The CRBT's insistence and emphasis on the tight monetary policy, domestic demand dynamics, exchange rate effect and the course of external pricing are important factors.

However, it is noteworthy that the decline in overall trend is on the production side. Here, we can see that the inflation decline moved together with the increase in the capacity utilization rate and turnover index in the industry, especially in manufacturing. It was accompanied by the Purchasing Managers' Index (PMI), which started to accelerate as of November 2017, and continued to increase in January 2018.

Another remarkable data set is the one that reflects the credit expansion trend in the banking sector. The total credit expansion in the banking system started to rise rapidly since March 2017, when the Credit Guarantee Fund (CGF) started to provide credit support. Exchange rate and parity-adjusted corporate sector loans also increased 24.6 percent by the end of the year. Here, personal loans increased only 14.9 percent by the end of the year, but personal loan growth fell below zero in January 2018.

On the other hand, credit expansion continued on the basis of companies.
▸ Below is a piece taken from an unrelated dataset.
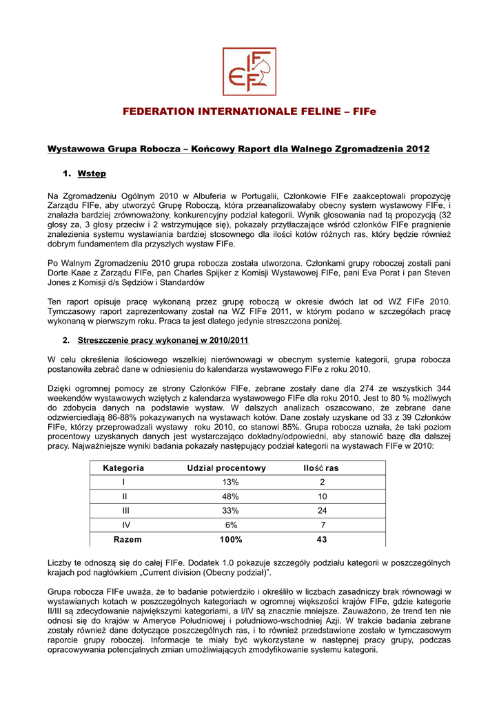 FEDERATION INTERNATIONALE FELINE – FIFe Wystawowa Grupa Robocza – Końcowy Raport dla Walnego Zgromadzenia 2012 1. Wstęp Na Zgromadzeniu Ogólnym 2010 w Albuferia w Portugalii, Członkowie FIFe zaakceptowali propozycję Zarządu FIFe, aby utworzyć Grupę Roboczą, która przeanalizowałaby obecny system wystawowy FIFe, i znalazła bardziej zrównoważony, konkurencyjny podział kategorii. Wynik głosowania nad tą propozycją (32 głosy za, 3 głosy przeciw i 2 wstrzymujące się), pokazały przytłaczające wśród członków FIFe pragnienie znalezienia systemu wystawiania bardziej stosownego dla ilości kotów różnych ras, który będzie również dobrym fundamentem dla przyszłych wystaw FIFe. Po Walnym Zgromadzeniu 2010 grupa robocza została utworzona. Członkami grupy roboczej zostali pani Dorte Kaae z Zarządu FIFe, pan Charles Spijker z Komisji Wystawowej FIFe, pani Eva Porat i pan Steven Jones z Komisji d/s Sędziów i Standardów Ten raport opisuje pracę wykonaną przez grupę roboczą w okresie dwóch lat od WZ FIFe 2010. Tymczasowy raport zaprezentowany został na WZ FIFe 2011, w którym podano w szczegółach pracę wykonaną w pierwszym roku. Praca ta jest dlatego jedynie streszczona poniżej. 2. Streszczenie pracy wykonanej w 2010/2011 W celu określenia ilościowego wszelkiej nierównowagi w obecnym systemie kategorii, grupa robocza postanowiła zebrać dane w odniesieniu do kalendarza wystawowego FIFe z roku 2010. Dzięki ogromnej pomocy ze strony Członków FIFe, zebrane zostały dane dla 274 ze wszystkich 344 weekendów wystawowych wziętych z kalendarza wystawowego FIFe dla roku 2010. Jest to 80 % możliwych do zdobycia danych na podstawie wystaw. W dalszych analizach oszacowano, że zebrane dane odzwierciedlają 86-88% pokazywanych na wystawach kotów. Dane zostały uzyskane od 33 z 39 Członków FIFe, którzy przeprowadzali wystawy roku 2010, co stanowi 85%. Grupa robocza uznała, że taki poziom procentowy uzyskanych danych jest wystarczająco dokładny/odpowiedni, aby stanowić bazę dla dalszej pracy. Najważniejsze wyniki badania pokazały następujący podział kategorii na wystawach FIFe w 2010: Kategoria Udzia ł procentowy Ilo ść ras I 13% 2 II 48% 10 III 33% 24 IV 6% 7 Razem 100% 43 Liczby te odnoszą się do całej FIFe. Dodatek 1.0 pokazuje szczegóły podziału kategorii w poszczególnych krajach pod nagłówkiem „Current division (Obecny podział)”. Grupa robocza FIFe uważa, że to badanie potwierdziło i określiło w liczbach zasadniczy brak równowagi w wystawianych kotach w poszczególnych kategoriach w ogromnej większości krajów FIFe, gdzie kategorie II/III są zdecydowanie największymi kategoriami, a I/IV są znacznie mniejsze. Zauważono, że trend ten nie odnosi się do krajów w Ameryce Południowej i południowo-wschodniej Azji. W trakcie badania zebrane zostały również dane dotyczące poszczególnych ras, i to również przedstawione zostało w tymczasowym raporcie grupy roboczej. Informacje te miały być wykorzystane w następnej pracy grupy, podczas opracowywania potencjalnych zmian umożliwiających zmodyfikowanie systemu kategorii. FEDERATION INTERNATIONALE FELINE – FIFe Po zebraniu danych, grupa robocza przeszła do następnego etapu badań. W tej fazie grupa próbowała określić wszystkie możliwe rozwiązania umożliwiające modyfikację systemu kategorii FIFe, w wyniku czego mielibyśmy bardziej zrównoważony system. Wykorzystano metodę „burzy mózgów”, i na tym etapie nie stawiano żadnych ograniczeń co do proponowanych pomysłów. Rezultatem był zbiór pomysłów od utrzymania i dostosowania istniejącego systemu czterech kategorii, aż do systemu zupełnie bez kategorii. Szczegóły i konsekwencje burzy mózgów nie były oceniane na tym etapie. Pomysły poszczególnych członków grupy roboczej były również zaprezentowane w raporcie tymczasowym grupy roboczej. 3. Walne Zgromadzenie FIFe 2011 Tymczasowy raport grupy roboczej zaprezentowany został na Walnym Zgromadzeniu FIFe 2011 w Bukareszcie, i zawarty jest w Aneksach do Protokołu WZ. Przyjęcie tymczasowego raportu przez WZ dało grupie roboczej mandat do dalszej pracy na następny rok. Dodatkowo, niektóre z propozycji Członków FIFe odnoszące się do modyfikacji kategorii, zostały włączone do dalszej pracy grupy roboczej. Co więcej, już po WZ, grupa robocza otrzymała dalsze propozycje/pomysły od innych Członków FIFe, które również zostały włączone do pracy. 4. Praca wykonana w 2011/2012 Po Walnym Zgromadzeniu w roku 2011, Wystawowa Grupa Robocza szczegółowo analizowała dane na temat wystaw FIFe i utworzyła krótka listę potencjalnych systemów kategorii, które wydawały się spełniać wymagania stawiane bardziej zrównoważonemu systemowi kategorii. Na liście umieszczono 4 propozycje, przedstawione poniżej: a. System dwóch kategorii, które powstałyby z połączenia istniejących kategorii I i II, oraz III i IV. b. System dwóch kategorii opartych ściśle na zasadzie długi włos / krótki włos. c. System trzech kategorii opartych na przesunięciu ras ocenianych w kolorach z istniejącej II (RAG/SBI/TUV) do istniejącej kategorii I, i połączeniu kategorii III i IV. kategorii d. System trzech kategorii oparty na przeniesieniu ras ocenianych w kolorach z II i BRI/CYM/MAN do istniejącej kategorii I, i połączenie istniejących kategorii III i IV. kategorii istniejącej Tabela poniżej opisuje liczby ras i szacowanej ilości kotów w nowych kategoriach dla każdej opcji (oparte na badaniach wystaw FIFe w roku 2010): KATEGORIA I KATEGORIA II KATEGORIA III rasy % kotów rasy % kotów rasy % kotów a. 12 61% 31 39% - - b. 16 59% 27 41% - - c. 5 25% 7 36% 31 39% d. 8 37% 7 35% 28 28% Opcja Wystawowa Grupa Robocza zauważyła również, że zredukowana liczba kategorii dawałaby możliwość rozszerzenia opcji BIS, i przedstawiła trzy rozwiązania dodatków do rywalizacji w BIS. FEDERATION INTERNATIONALE FELINE

Again, in the same period, we see that unemployment started to fall and that exports started to rise and contribute positively to the growth trend, even if they were affected by parity.

This rapid rise in the industry pushed up imports, but it did not increase the foreign trade deficit in a problematic way as it was not a consumption-based increase. That is, the current account deficit did not expand dangerously, even though imports grew faster than exports.

Meanwhile, credit card debts of households continued to be horizontal and smooth last year. That is, the positive contribution of the consumption side to growth was due to the net income of households, and household borrowing did not increase despite rapid growth. We also see relative improvement in income distribution during the same period.

On the other hand, the deposit-loan conversion rate in deposit banks also declined to 117 percent, showing a relative improvement. So, CGF loans, in particular, started to turn into deposits, and we see improvement in fund problem stemming from deposits. The sectoral average of loans that fall under the follow-up is 2.92 percent, the lowest in recent years. Not even 1 percent of the CGF loans were currently under follow-up.

These figures were not written down to bore readers or to show how everything is going well in numbers, but all this quantitative progress confirms our assumptions.

Hypothesis 1: The inflation in Turkey is not a case that is realized on the monetary-consumption side. It depends on structural problems on the supply-production side and the most important dynamic here is high funding (interest) costs. If you provide cheap and easy credit access to producers and support production, inflation will fall with unemployment.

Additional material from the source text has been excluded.